Matodzi declined to comment yesterday, saying: “I have no comment on anything that has to do with VBS.”

The chief executive officer of MML Food Services, Ronald Letsoalo, and Birchwood Hotel & OR Tambo Conference Centre director Jazzman Mahlakgane ignored repeated requests for comment.

The senior executive also revealed that the system had to be programmed to allow the R3 million to go off and be available in the next bank immediately.

“We had to make the payment with RTC [real time clearance]. The intention was to silence SACP leaders from exposing Gupta accounts with VBS,” the senior executive told City Press.

According to the senior executive, a branch manager has the authority to make a payment of up to R1 million.

Any amount above that has to be authorised by the senior executives at the corporate office level.

Another insider within VBS said it appeared that the SACP leaders and VBS executives reached an agreement that R3 million would be paid to cover the costs of the SACP’s national congress.

“It means that there was a prior arrangement.
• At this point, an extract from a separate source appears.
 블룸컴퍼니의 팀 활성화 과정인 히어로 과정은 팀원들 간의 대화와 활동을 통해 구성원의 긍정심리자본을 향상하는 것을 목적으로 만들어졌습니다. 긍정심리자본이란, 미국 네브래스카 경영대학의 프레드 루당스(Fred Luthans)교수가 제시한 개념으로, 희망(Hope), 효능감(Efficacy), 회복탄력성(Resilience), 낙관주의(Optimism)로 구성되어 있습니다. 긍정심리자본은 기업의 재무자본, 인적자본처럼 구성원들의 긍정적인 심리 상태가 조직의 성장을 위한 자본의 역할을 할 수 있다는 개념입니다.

Delegates at the SACP congress enjoyed water and food paid for by VBS,” the insider said.

The senior executive said all the transactions done by the branch manager were ordered by Matodzi.

“He would say to the branch manager via WhatsApp or telegram [a secure communications mechanism]: ‘Pay this much to this account.’ All the things the branch manager had paid for were because he got an instruction from Matodzi.”
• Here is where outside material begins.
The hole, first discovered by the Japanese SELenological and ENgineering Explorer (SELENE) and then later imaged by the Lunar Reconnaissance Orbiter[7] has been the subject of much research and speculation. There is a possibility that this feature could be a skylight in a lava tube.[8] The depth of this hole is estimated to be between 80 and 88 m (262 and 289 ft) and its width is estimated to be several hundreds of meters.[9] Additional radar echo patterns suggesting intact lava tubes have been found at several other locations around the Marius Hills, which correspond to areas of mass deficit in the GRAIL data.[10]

The senior executive said the branch manager told investigators about the payment that was made on behalf of the SACP.

“They interviewed him. He told them about the payment he was ordered to make on behalf of the SACP. They omitted to mention that SACP benefited from VBS in the report.”

However, SACP national spokesperson Alex Mashilo denied that the party received money from VBS or Vele Investments.

When asked yesterday about the sponsors of the SACP’s national congress last year, Mashilo said: “It comes across as a generally fishing question to ask who has ever made a donation to the SACP.

“At its special national congress held in July 2015, the SACP published a financial report for the period dating back to its 13th national congress held in July 2012.

"The report published a number of details, including an assessment of SACP membership fees and levies. It also identified a number of donors, of whom the core are trade unions.

"The next financial report, which was made available at the 14th national congress of the party in July 2017, categorised the sources of income received with due regard to the rights of all parties.”

Mashilo said that the party’s record spoke for itself.

“It is utterly unfair to make a sweeping allegation against SACP leaders. The SACP has many leaders. The allegation is obviously senseless 
and dismissed with contempt.

"The SACP is on record [as saying] that, should any incontrovertible evidence of corruption involving the complicity of its members emerge in any scenario, the party will take decisive against that member,” he said.

This week, the SACP in Limpopo suspended its provincial secretary and former Capricorn District Municipality mayor Gilbert Kganyago, whose council illegally deposited R60 million into VBS when he was in charge.

Mashilo said the party had been consistently vocal against the Guptas.

“It is common knowledge that the SACP has been consistently vocal and mobilising against the Guptas’ capture of state authorities in particular and capture of the state in general. The party will not stop, but deepen this just struggle,” Mashilo said.

Matodzi, along with his co-directors and his friend Robert Madzonga, stands accused of facilitating the looting of nearly R2 billion at VBS.

ANC leaders, notably ANC Limpopo deputy chairperson and Vhembe District Municipality mayor Florence Radzilani and treasurer Danny Msiza were also implicated in the Motau report into the VBS scandal.

Radzilani is mentioned in the Motau report as having complained that she “only” received R300 000 for ensuring that millions deposited by the Vhembe District Municipality into VBS were not withdrawn.

Radzilani wrote to ANC secretary-general Ace Magashule last week to deny any involvement in the VBS investment.

Msiza is challenging the report in court.